Photon Uncertainty Solves the Einstein-Podolsky-Rosen Paradox

摘要

Einstein, Podolsky, and Rosen pointed out that the quantum-mechanical description of "physical reality" implies an unphysical, instantaneous action between distant measurements. To avoid such an action at a distance, these three concluded that quantum mechanics had to be incomplete. However, its extensions involving additional "hidden variables," allowing for the recovery of determinism and locality, have been disproved experimentally (Bell's theorem). In this paper, an opposite solution of the paradox is presented, based on the greater indeterminism of the modern quantum field theory (QFT) description of particle physics, which prevents the preparation of any state having a definite number of particles. The resulting uncertainty in photon radiation has interesting consequences in quantum information theory (e.g., cryptography and teleportation).
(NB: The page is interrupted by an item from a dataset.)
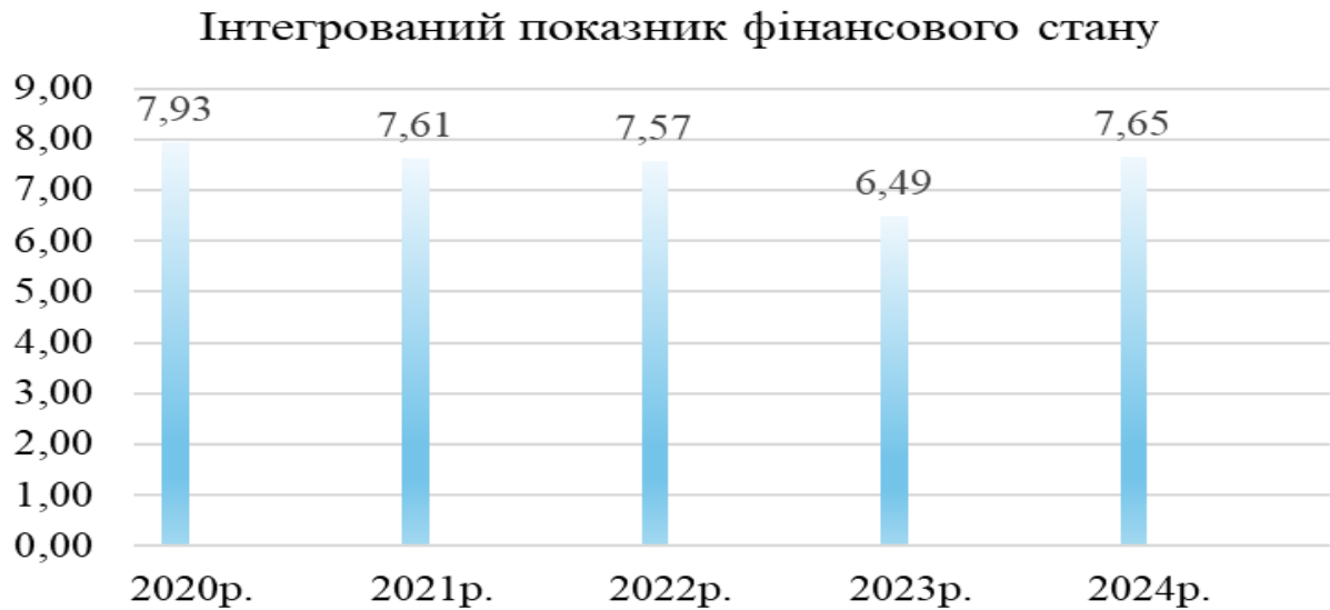
Рис. 2.1. Динаміка інтегрованого показника фінансового стану ТОВ «СЕЙВ ПРО СОЛЮШИНС» за 2020–2024 рр.

коефіцієнт поточної ліквідності підвищився з 0,73 до 0,87, а швидкої з 0,71 до 0,85. Це вказує на поступове покращення здатності підприємства покривати короткострокові зобов'язання, хоча значення все ще нижчі за рекомендовані, що потребує подальшої роботи з оптимізації структури активів.

Moreover, since it allows for fewer elements of Einstein-Podolsky-Rosen (EPR) physical reality than the old nonrelativistic quantum mechanics, QFT satisfies the EPR condition of completeness without the need for hidden variables. The residual physical reality never violates locality; thus, the unique objective proof of "quantum nonlocality" is removed in an interpretation-independent way. At the same time, the supposed nonlocality of the EPR correlations turns out to be a problem in interpretation of the measurement process. If we do not rely on hidden variables or new physics beyond QFT, the viable interpretation is a minimal statistical one, which preserves locality and Lorentz symmetry.